Over the last years I’ve seen many different applications running against PostgreSQL. The use cases vary from simple applications, which only use basic data types and a few tables and views, to complex applications with custom types, more specific data types like jsonb or range types, that use hundreds of schemas/tables/views/materialized views etc. Surprisingly only a few of them make use of functions and procedures in PostgreSQL. I’ve always told people to process the data where it is, and usually the data is in the database, as this is best for performance and enables you to make us of advanced features of PostgreSQL. This does, of course, not only apply to PostgreSQL but to all other databases systems as well. This usually leads to discussion about being independent of the underlying databases and then it gets religious. While I understand the developer/business owner’s point of view of being as much independent of the database as possible, makes it easier to migrate from one database system to another in the future, this decision closes many doors when it comes to getting the maximum out of the database.

The most simple function you can create in PostgreSQL is a SQL function. A SQL functions contain one or more SQL statements and either return nothing, one row or a set of rows.

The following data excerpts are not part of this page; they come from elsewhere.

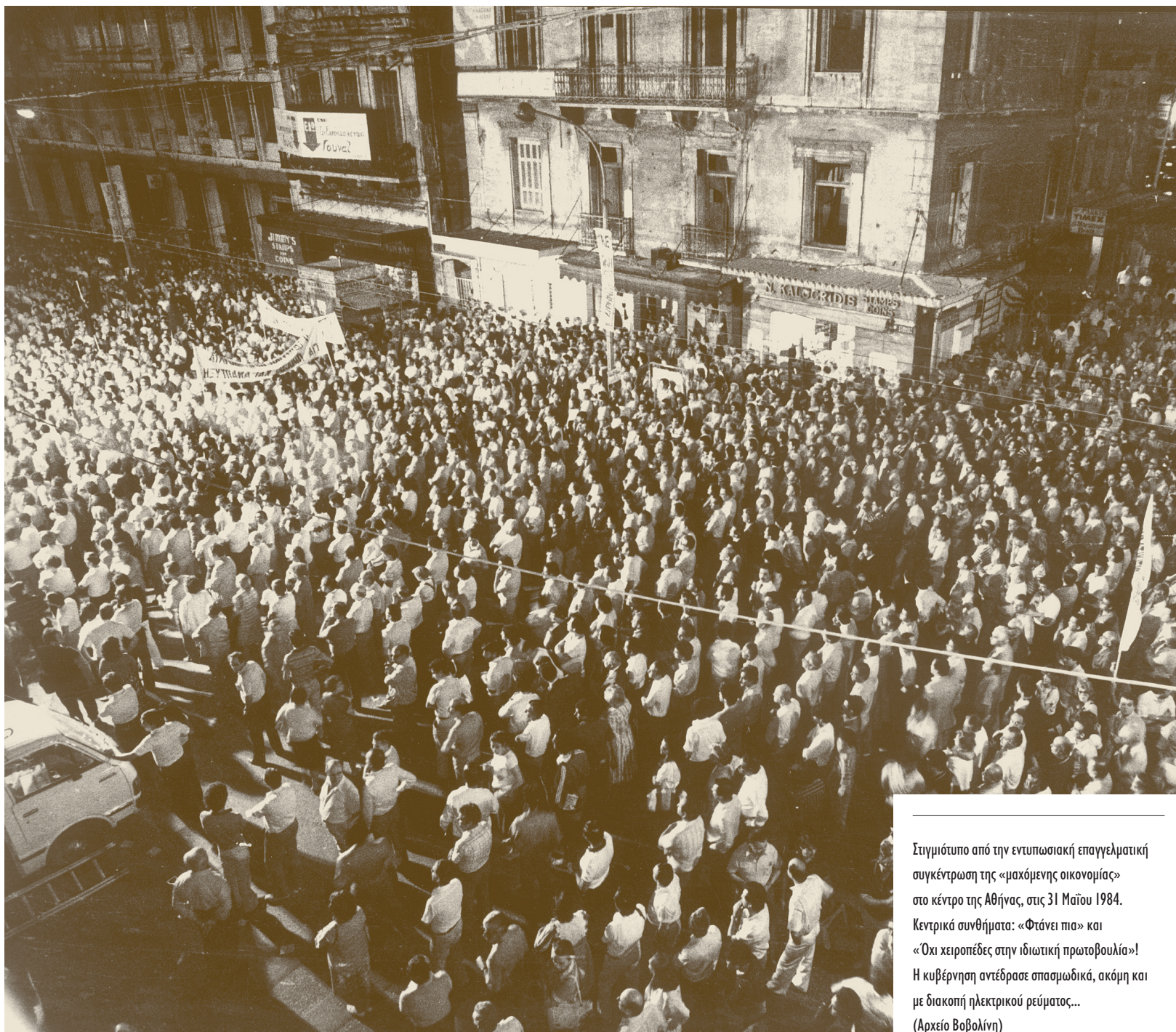
Στιγμιότυπο από την εντυπωσιακή επαγγελματική συγκέντρωση της «μαχόμενης οικονομίας» στο κέντρο της Αθήνας, στις 31 Μαΐου 1984. Κεντρικά συνθήματα: «Φτάνει πια» και «Όχι χειροπέδες στην ιδιωτική πρωτοβουλία»! Η κυβέρνηση αντέδρασε σπασμωδικά, ακόμη και με διακοπή ηλεκτρικού ρεύματος...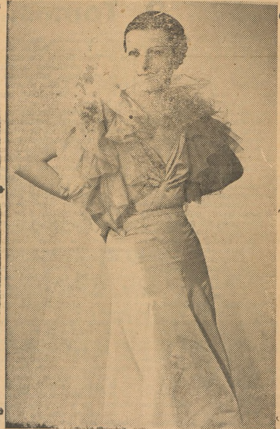
Precioso modelo en "glacé" verde Nilo. Los volantes de tul de los hombros son del mismo color

cino, cortando el tocino en tiras finas, atadas o pasadas por una aguja de mechar que se enlaza en la carne pasándola de modo que quede el tocino adentro y se pone al horno untado con manteca, aceite o grasa de cerdo. No conviene ponerlo directamente en la asadera, sino sobre un asador que se coloca dentro de la asadera.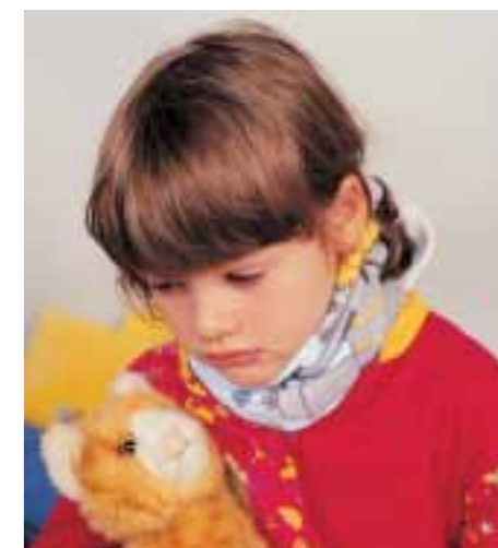
Als »Füllung« des Halswickels kommt in erster Linie die Zwiebel in Betracht (die Zwiebel wirkt darauf zu achten, dass die Haut nicht verbrannt wird (an der Innenseite des eigenen Handgelenks vortesten). [AM]keimabtötend und hält die Schleimhäute feucht). Bei warmen Wickeln, etwa mit Kartoffeln, ist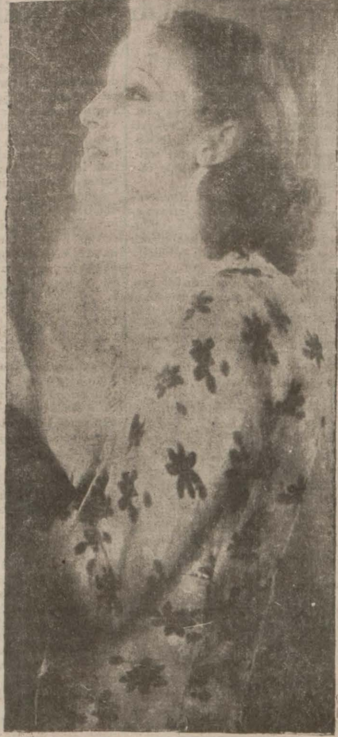
Birigitte Helm Elhamra'da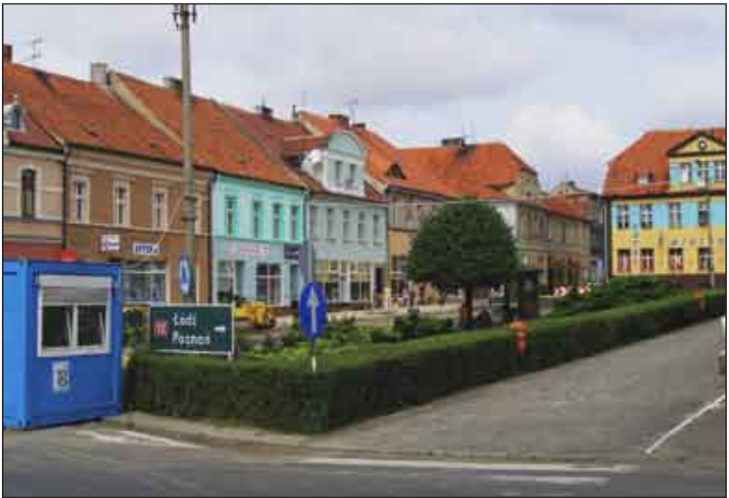
Zachodnia strona Rynku przed przebudową.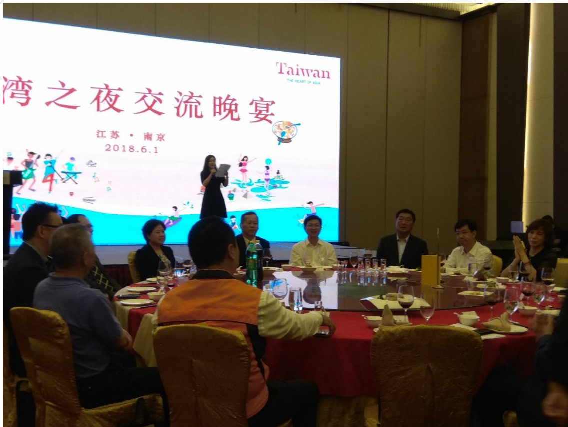
上海辦事處舉辦「臺灣之夜」交流晚宴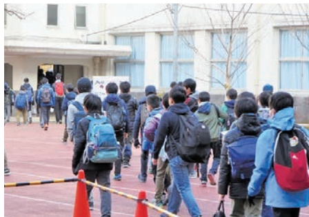
入学願書の記入にあたっては「読みやすい字でていねいに書く」ことを心がけよう（写真は麻布中の入試風景）

出願にあたって、小学校の「調査書」を必要とする学校はほとんどなくなっているが、まだ一部

To get started lets create a standard pgbench schema with a couple of rows:

postgres=# ! pgbench -i -s 10 postgres
dropping old tables...
NOTICE:  table "pgbench_accounts" does not exist, skipping
NOTICE:  table "pgbench_branches" does not exist, skipping
NOTICE:  table "pgbench_history" does not exist, skipping
NOTICE:  table "pgbench_tellers" does not exist, skipping
creating tables...
generating data (client-side)...
1000000 of 1000000 tuples (100%) done (elapsed 2.20 s, remaining 0.00 s)
vacuuming...
creating primary keys...
done in 3.52 s (drop tables 0.00 s, create tables 0.04 s, client-side generate 2.27 s, vacuum 0.30 s, primary keys 0.90 s).
postgres=# d
              List of relations
 Schema |       Name       | Type  |  Owner   
--------+------------------+-------+----------
 public | pgbench_accounts | table | postgres
 public | pgbench_branches | table | postgres
 public | pgbench_history  | table | postgres
 public | pgbench_tellers  | table | postgres
(4 rows)

One of the most simple SQL functions is something like this:

postgres=# create or replace function get_bid_for_aid_1 () returns int
           as $$
           select bid from pgbench_accounts where aid = 1;
           $$ language SQL;
CREATE FUNCTION

This really is not rocket science but it is a good starting point to understand the concepts. PostgreSQL uses the so called dollar quoting. That means, everything between the first “$$” and the last “$$” is the body of the function. This makes it easier to write sting literals without escaping like, e.g. single or double quotes (a more detailed description can be found here). If you want to use a tag with dollar quoting you can do that as well:

postgres=# create or replace function get_bid_for_aid_1_tmp () returns int
           as $my_tag$
           select bid from pgbench_accounts where aid = 1;
           $my_tag$ language SQL;
CREATE FUNCTION

Side note: There is nothing like in “invalid object” as you might know that from Oracle. If your function body contains errors it will not be stored in the database, you’ll have to fix that first:

postgres=# create or replace function get_bid_for_aid_1_tmp_1 () returns int
           as $my_tag$
           select bid from pgbench_accountsXX where aid = 1;
           $my_tag$ language SQL;
ERROR:  relation "pgbench_accountsxx" does not exist
LINE 3: select bid from pgbench_accountsXX where aid = 1;

More information about this behavior can be found here. Coming back to our initial function: As soon as the function is stored in PostgreSQL you can reference it in your SQL queries:

postgres=# select * from get_bid_for_aid_1();
 get_bid_for_aid_1 
-------------------
                 1
(1 row)

Right now this function is quite limited as it returns the bid only for aid=1. To make that a bit more re-usable can you make use of parameters:

postgres=# drop function get_bid_for_aid_1();
DROP FUNCTION
postgres=# create or replace function get_bid_for_aid (int) returns int
           as $my_tag$
           select bid from pgbench_accounts where aid = $1;
           $my_tag$ language SQL;
CREATE FUNCTION
postgres=# select * from get_bid_for_aid(1);
 get_bid_for_aid 
-----------------
               1
(1 row)

Now the function is more flexible, as you can ask for any bid for a given aid. But there is even more we can do, to make the function more readable. Instead of specifying just the data type for the input parameter we can give the parameter a name:

postgres=# create or replace function get_bid_for_aid (pn_aid int) returns int
           as $my_tag$
           select bid from pgbench_accounts where aid = pn_aid;
           $my_tag$ language SQL;
CREATE FUNCTION
postgres=# select * from get_bid_for_aid(1);
 get_bid_for_aid 
-----------------
               1
(1 row)

Although this does not change the behavior of the function, it makes the function easier to read and we recommend to work with those named parameters instead of only specifying the data types. Especially when the body of a function becomes quite large and it uses many parameters, it saves you quite some scrolling forward and backward because you already know the data type from the parameter name (or at least you should be able to guess it).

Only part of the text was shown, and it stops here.